I’ve been trying to find a suitable theme for February’s blog, which is already rather overdue but given the lateness of the day, decided to continue to press on with big picture themes as per my last blog and focus this month, on love and memory.
As it goes, I have undertaken to organize thousands of digital images accrued over the last decade or more (effectively a personal compendium of my family’s life since the advent of digital photography) and while my efforts have been less than consistent (or indeed in my wife’s opinion commendable), just putting my toe in that visual hinterland of images lights up my neural switchboard and throws me back into a time I can only view through a lens.
That’s the thing about digital images – they can quickly be deleted if they fail to please, retouched and even fully manipulated to retell their truth but most of all, they can be stored away silently in computers and external hard drives, nevermore to be organized into rational entities, as is the case before digital imagery became the norm. Photo albums are by their nature organized into understandable time periods because they require active engagement by the picture editor to place them in time, physical space ( i.e. the album itself) and ultimately in our memories.
Digital images by comparison with theirs teadfast but fading paper country cousins float and accrue in a sea of bits and megabytes even now floating above our heads in a nebulous cloud. It takes real determination and consistent effort to make sense of them in the triangulation of memory, love and time (or at least a bloody good app).
Recently, I had the opportunity to tap into my mother and father’s random access memories which fade into the event horizon of a past earlier than my own existence. These memories are just as uncertain and fragile, if not more so than our present digital reality.
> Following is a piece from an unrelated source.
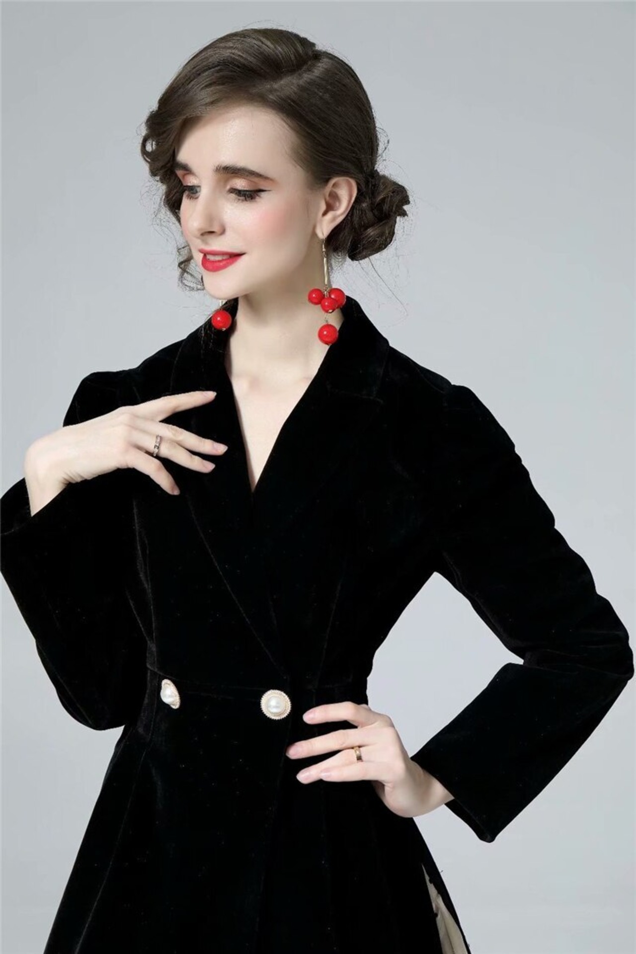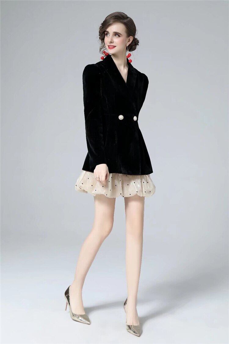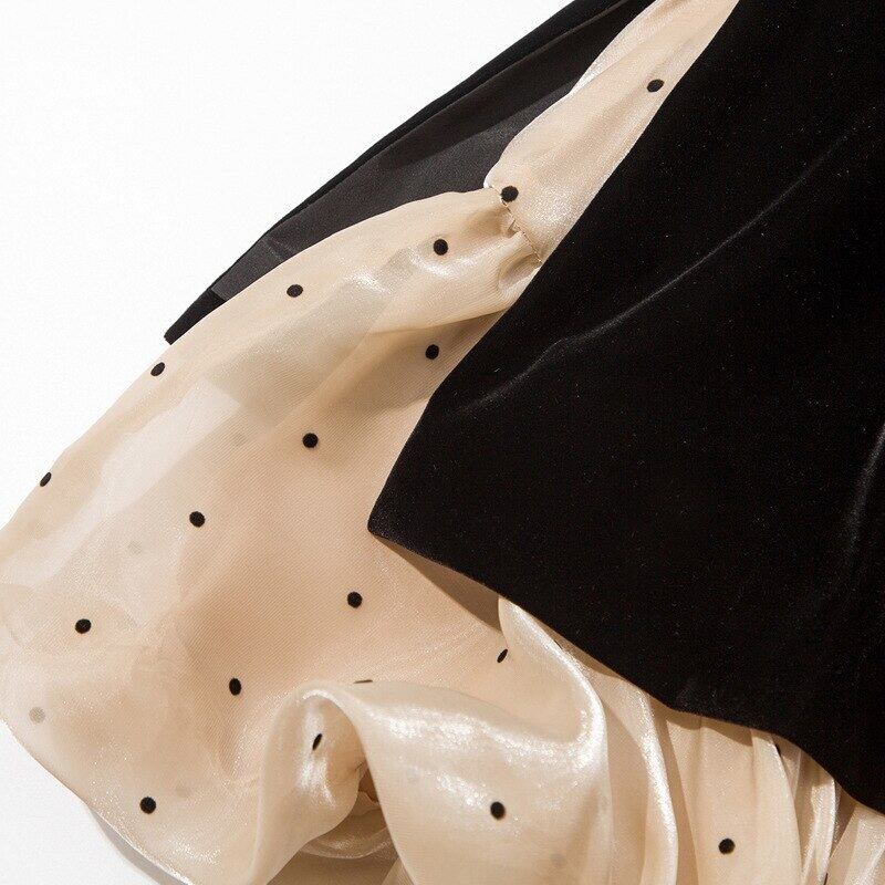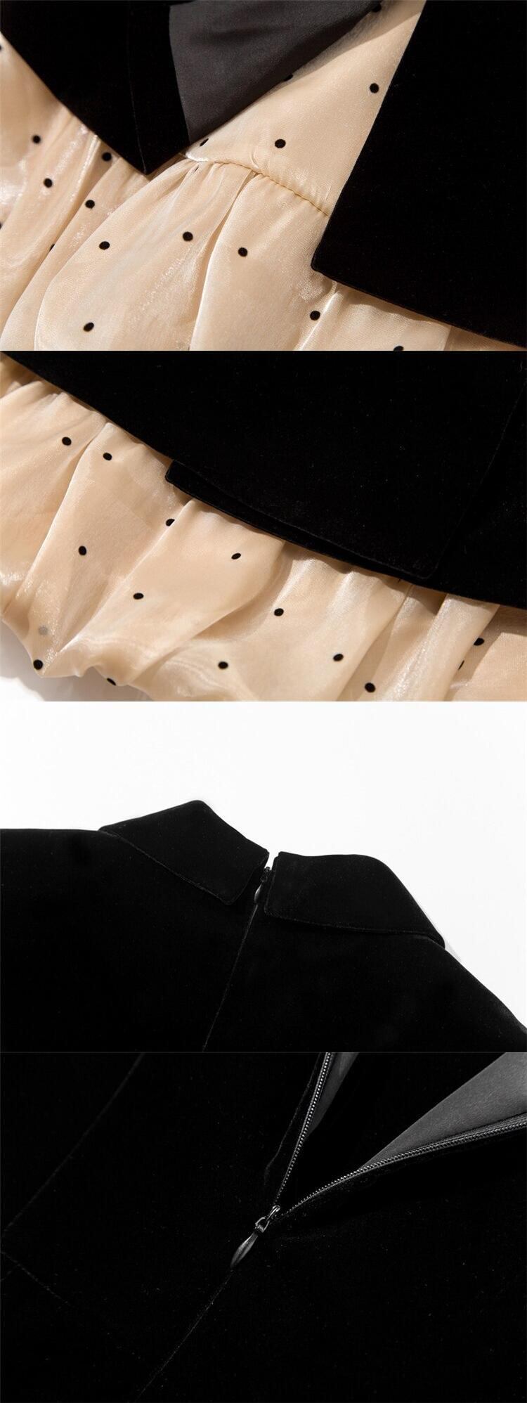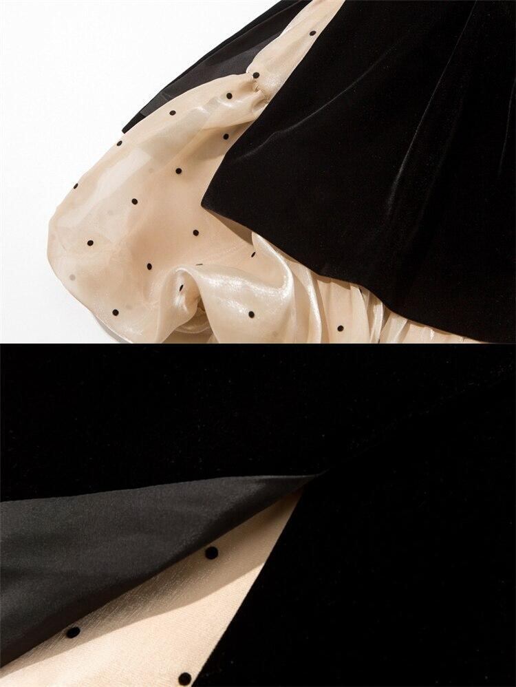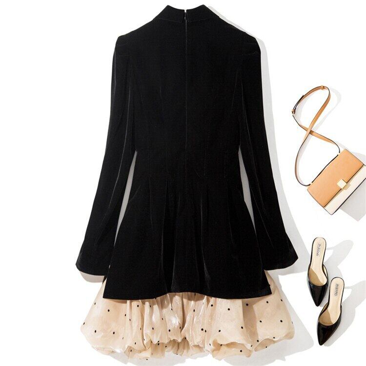 春秋の女性のミニ ドレス パーティー パッチワーク ブラック ベルベット ドレス スプリング 春物 オータム 秋物 pri32725728975

And like a hard drive on the edge of a personal meltdown, the contents need to be downloaded before the hardware fails.
My father is 83 this year, my mother 76. His hard drive is already experiencing fragmentation. Housebound by his own choices and increasingly frail, there is little to tie him to the present and in the absence of a curious son, little to activate the past he has lived. My mother on the other hand, his vigilant co-pilot, serves to fill in details in his conversations and chide his failing memory and repetitions. In the present, my father is only vaguely aware that he is in his 80s and struggles to place the year he is living in (if there is one) either. These are merely matters of detail for him though because he already enjoys the privilege of being the last man standing in his own family.
Through discussions with my parents I was able to draw a bead on grandparents and great grandparents from England, Ireland and as far afield as Hong Kong and Beijing. Their stories fascinate and engage me, even when the trail leading back into the past frustratingly peters out.
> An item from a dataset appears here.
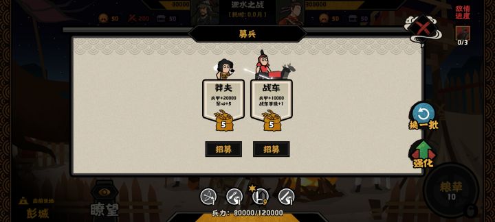 开局还是先强化统军,买每到一个新地方加粮草的。后面要庙算达到才能继续点加粮草的。阵容一直枪兵和苻坚上场就行了,可以打一下3级据点。开局9级枪兵肯定用特色兵种。隐士的话有点用。有时是加防御的。 星罗棋布能买就买。洛涧之后是淝水决战。如果要兵多就买山民。是可以比他兵多。兵多就2、2、2。兵比他少就3、3、0。隐藏结局淝水之战战败就这样。#无悔华夏 #无悔华夏两周年 #无悔华夏两晋 #无悔
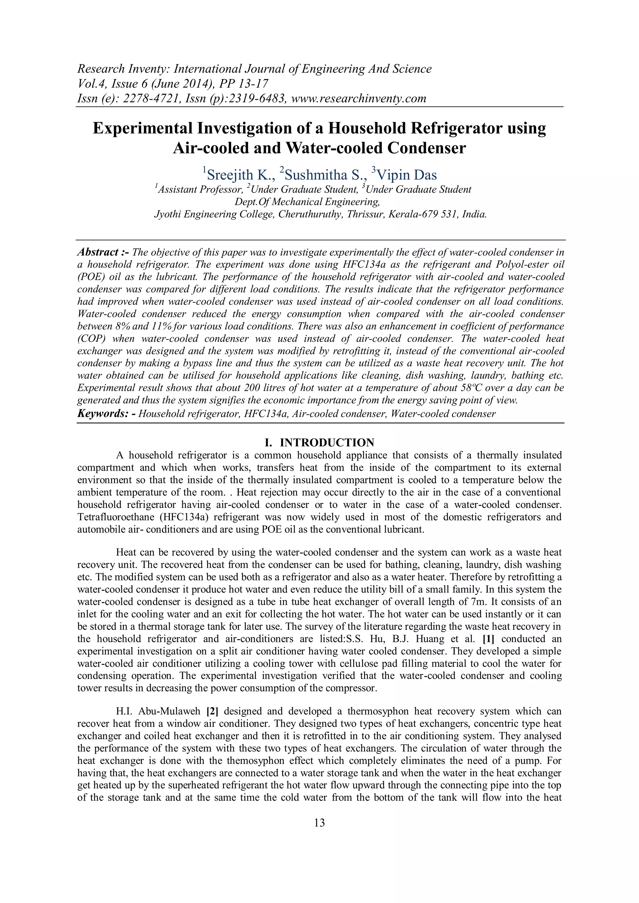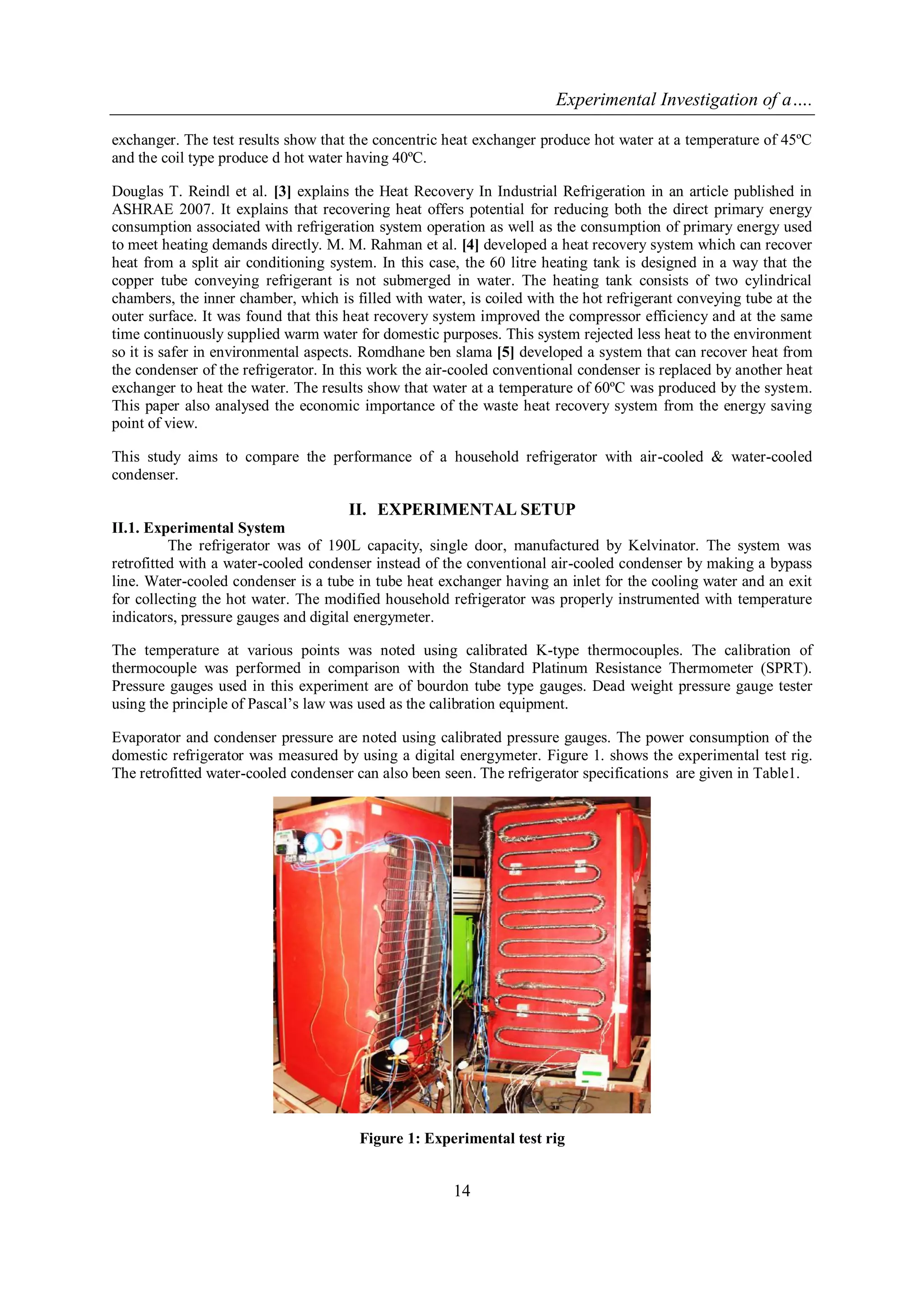 This paper experimentally investigates the performance of a household refrigerator using water-cooled and air-cooled condensers, demonstrating that the water-cooled option improves efficiency and reduces energy consumption by 8% to 11%. The study reveals that the modified refrigerator can generate approximately 200 liters of hot water daily, which can be utilized for various household applications. The findings indicate that retrofitting with a water-cooled condenser not only enhances refrigerator performance but also allows it to function as a water heater.

During their telling, as if awakening from a dream of the present, my father admitted that he missed his mother and father gone now long before and wasn’t even sure whether his brothers were still alive. Such is the nature of memory in old age, it seems. My mother on the other hand, ever pragmatic, placed her own family history in the practical realities of her present existence, only ever expressing regret for the death of her younger sister to cancer some 36 years ago – a loss, which I know she still feels keenly but bears quietly to this day.
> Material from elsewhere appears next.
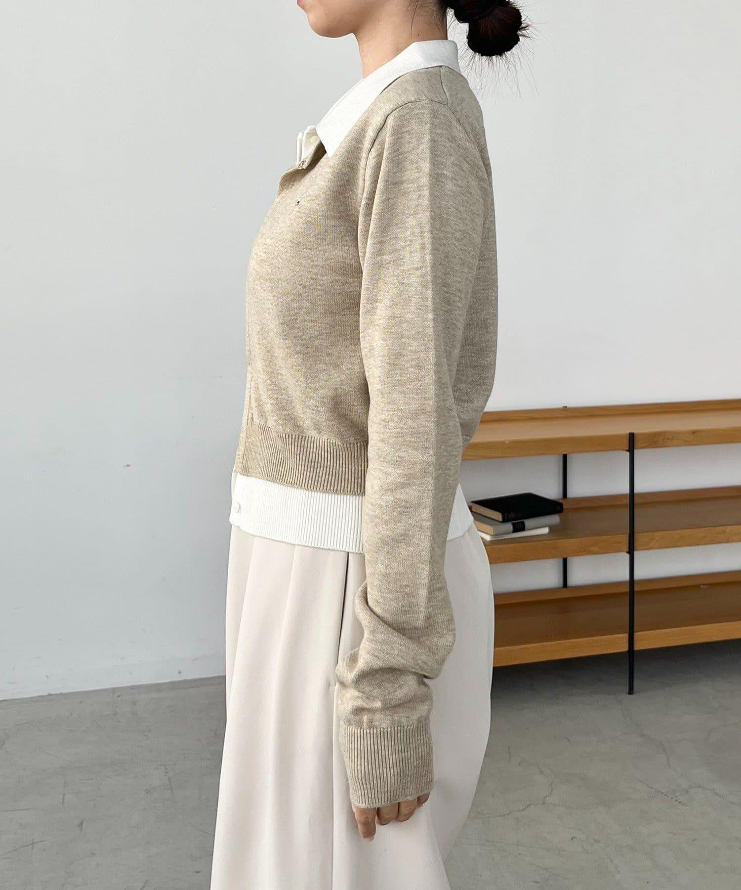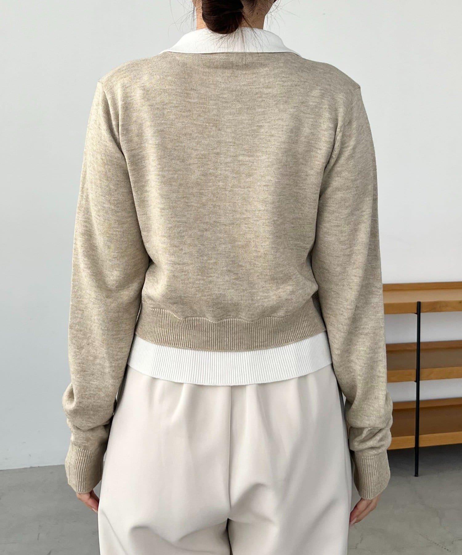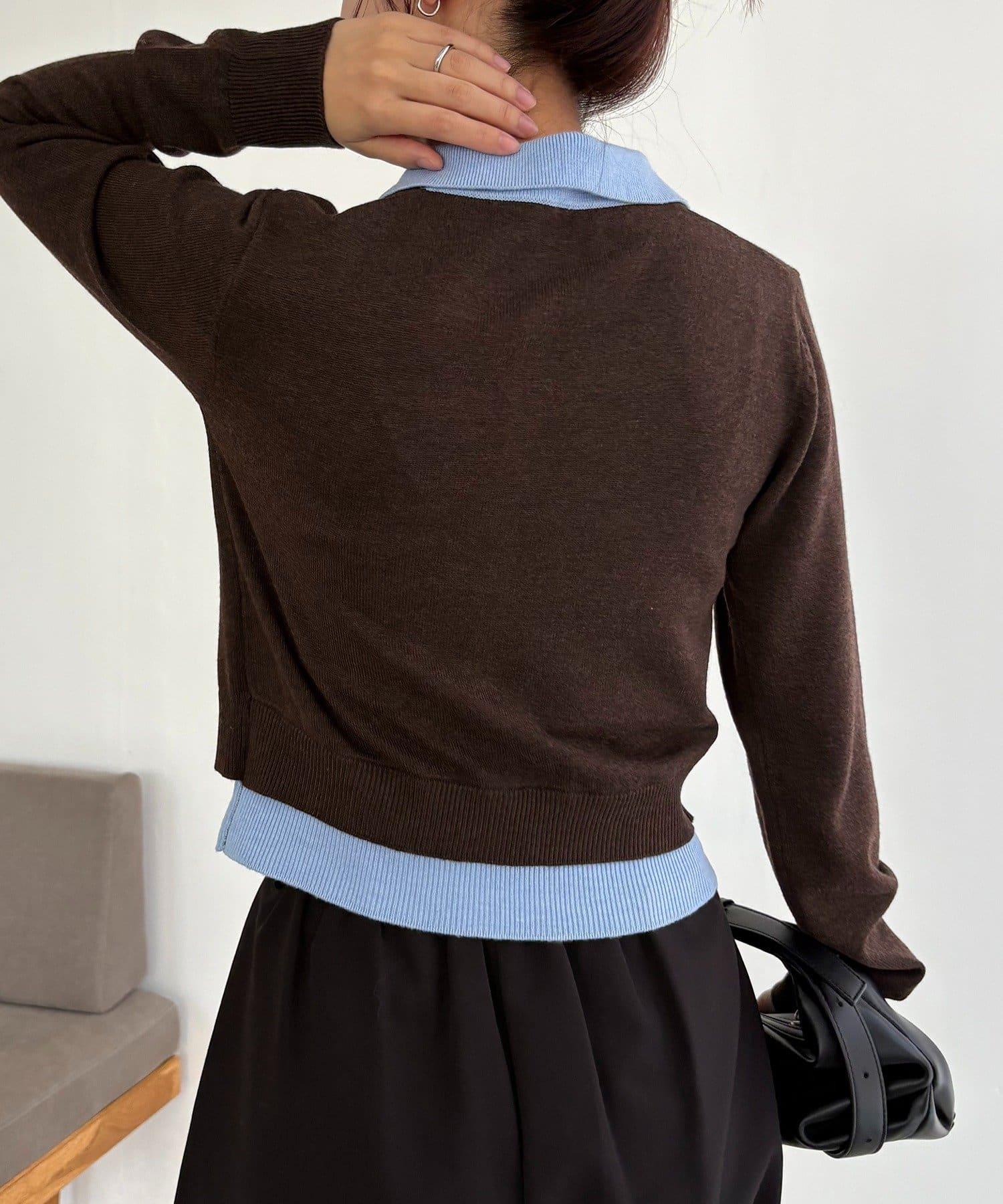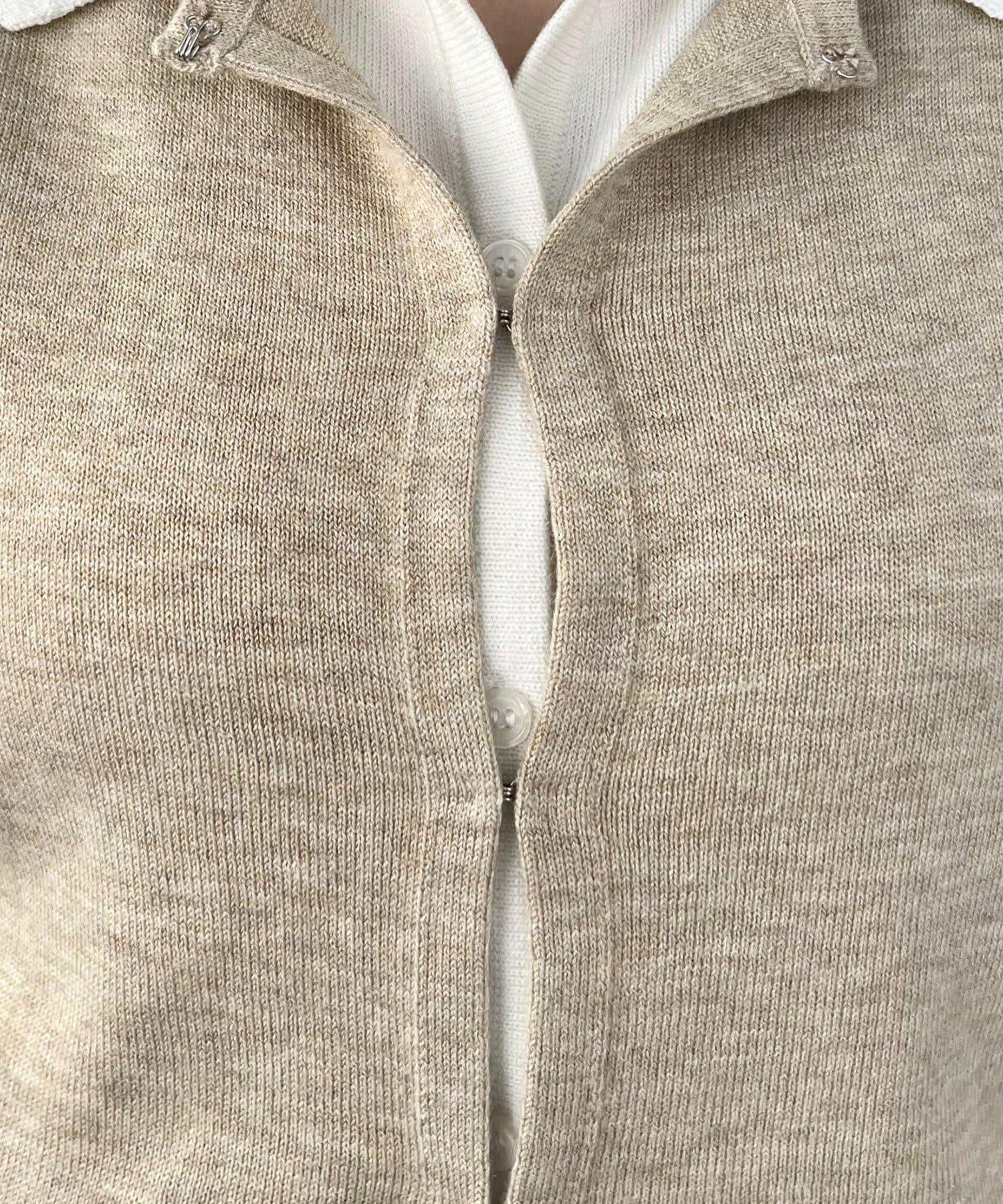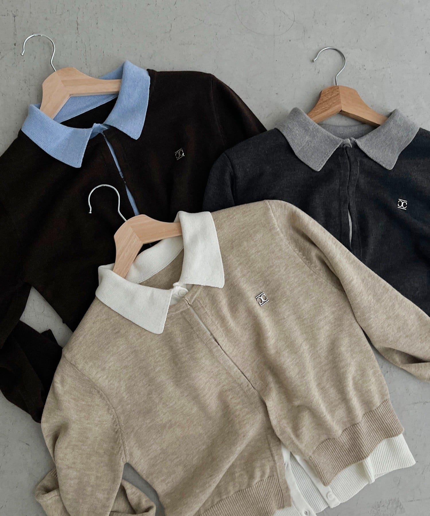 在有領針織衫上疊加鉤扣開衫的正裝單品。

Both are touched by the past; both aware of days and loved ones gone by; both aware of their impending mortality. There it is though; love, memory, loss and the ever-present threat of falling over the event horizon leaving only a hinterland of photographs, stories and long repeated anecdotes. Oral history being the richest source though, has an important place in families for all who lack the biographer to tell their stories because it ensures a kind of immortality.
I wonder how we will be able to recount our own stories to our children – will the rich media content of our lives succeed in telling them better? Will they survive better than a photo album, a written diary or a well-told story? I suspect not but in the meantime I will press on with compartmentalizing more than a decade of my family’s visual existence on earth in a hard drive and in heaven in the cloud. What happens when they pull the plug on me, I wonder?